# Bayesian linear regression

In the previous video we have already seen the basic principle of Bayesian inference. We have factored the joint distribution $p(l,s)$ as

$p(l, s) = p(s|l)p(l)$

and specified a distribution for each factor. By specifying these distributions we have encoded our assumptions and beliefs about the modelled variables. Once a measurement of the span became available, it was a simple matter of using Bayes rule to compute the posterior distribution $p(l | s)$, and thus to formally update our beliefs in light of this new data.

A crucial step in our modelling was the likelihood function. We just assumed that $p(l | s) = N(l, 9)$, i.e. that the value we observe for the length is also the mean for the span. However, we usually don't know the exact relationship and would rather like to use data to estimate how the measurements are related. This is what Bayesian linear regression allows us to do.

In this article we start by exploring the Bayesian linear regression model on the simple example of modelling the length and the span of the hand. In a second step we show how this model can be used to in the context of 3D shape model fitting using Gaussian Process Morphable Models.

### Bayesian regression of 2D hands​

A widely used model for learning a relationship between two or more variables is the linear regression model. In this model, the (mean-free) span $s$ is assumed to be a linear function of the length $l$, perturbed by Gaussian noise $\epsilon \sim N(0, \sigma^2)$:

$s = a \cdot (l - \overline{l}) + b + \epsilon.$

Here the slope $a$, intercept $b$ and noise variance $\sigma^2$ are parameters of our model. $\overline{l}$ denotes the mean length. Subtracting the mean makes it easier to interpret the intercept parameter, as we know that the intercept corresponds exactly to the span for the mean hand.

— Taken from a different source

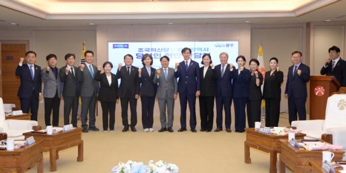 À̳¯ °£´ãȸ¿¡´Â °±âÁ¤ ½ÃÀåÀ» ºñ·ÔÇØ Á¶±¹Çõ½Å´ç Á¶±¹ ´ëÇ¥¿Í ¹ÚÀºÁ¤¡¤ÀÌÇØ¹Î¡¤½ÅÀå½Ä¡¤±è¼±¹Î¡¤±èÀç¿ø¡¤Á¤Ãá»ý¡¤Â÷±Ô±Ù¡¤°°æ¼÷¡¤¼¿ÕÁø ±¹È¸ÀÇ¿ø ´ç¼±ÀÎ, Àº¿ì±Ù ±¤ÁֽôçÀ§¿øÀå µîÀÌ Âü¼®Çß´Ù. Á¶ ´ëÇ¥°¡ ±¤ÁÖ½ÃûÀ» ãÀº °ÍÀº Áö³´Þ 14ÀÏ¿¡ ÀÌ¾î µÎ ¹øÂ°·Î, Á¦22´ë ±¹È¸ °³¿øÀ» ¾ÕµÎ°í ´ç Â÷¿øÀÇ Áö¿ªÇö¾È ÇØ°á Áö¿ø ¹æ¾ÈÀ» »çÀü¿¡ ³íÀÇÇϱâ À§ÇÑ ÀÚ¸®´Ù.

These modelling assumptions lead to the following likelihood function:

$p( s | a, b, \sigma^2, l) = N(a \cdot (l - \overline{l}) + b, \sigma^2).$

Note that the difference compared to the previous version is, that we have introduced the parameters $a$, $b$ and $\sigma^2$. For fixed values of these parameters, we would be back at the model that we discussed in the video. But our goal here is to estimate the distribution of the parameters $a, b$ and $\sigma^2$, which characterize the dependency between the span and length are. Thus we need a model of the joint distribution $p(a, b, \sigma^2, l, s)$, which we factorize as follows:1

$p(a,b, \sigma^2, l, s) = p(a)p(b)p(\sigma^2)p(s| a, b, \sigma^2, l)$

To complete our model, we need to specify our prior beliefs about the parameters, by specifying $p(a)$, $p(b)$ and $p(\sigma^2)$.I believe, for example, that the span is approximately the same as the length irrespective of the length of the hand. I also assume that the noise parameter $\sigma^2$ is positive and rather small. These beliefs can be encoded using the following prior distributions:

$\begin{array}{l} a \sim N(1, 1) \\ b \sim N(0, 2) \\ \sigma^2 \sim logNormal(0, 0.25) \end{array}$

Note that these are just my prior beliefs. Somebody else could assign different distributions.

Bayes rule states that for a given observations $l, s$ we have

$p(a, b, \sigma^2 | s, l) = \frac{p(a)p(b)p(\sigma^2) p(l | a, b, \sigma^2, s)}{\int_{a} \int_{b} \int_{\sigma^2} p(a)p(b)p(\sigma^2) p(l| a, b, \sigma^2, s) \, da \, db \, d\sigma^2}$

Under the assumptions that the observations are i.i.d. and thus the likelihood of observing the data is simply the product of the individual likelihoods, the posterior for a set of given observations $(s_i, l_i), i = 1, \ldots, n$ becomes

$p(a, b, \sigma^2 | s_i, l_i) = \prod_{i=1}^n \frac{p(a)p(b)p(\sigma^2) p(l_i | a, b, \sigma^2, s_i)}{\int_{a} \int_{b} \int_{\sigma^2} p(a)p(b)p(\sigma^2) p(l_i | a, b, \sigma^2, s_i) \, da \, db \, d\sigma^2}$

This posterior distribution reflects our beliefs about the parameters after we have seen the data.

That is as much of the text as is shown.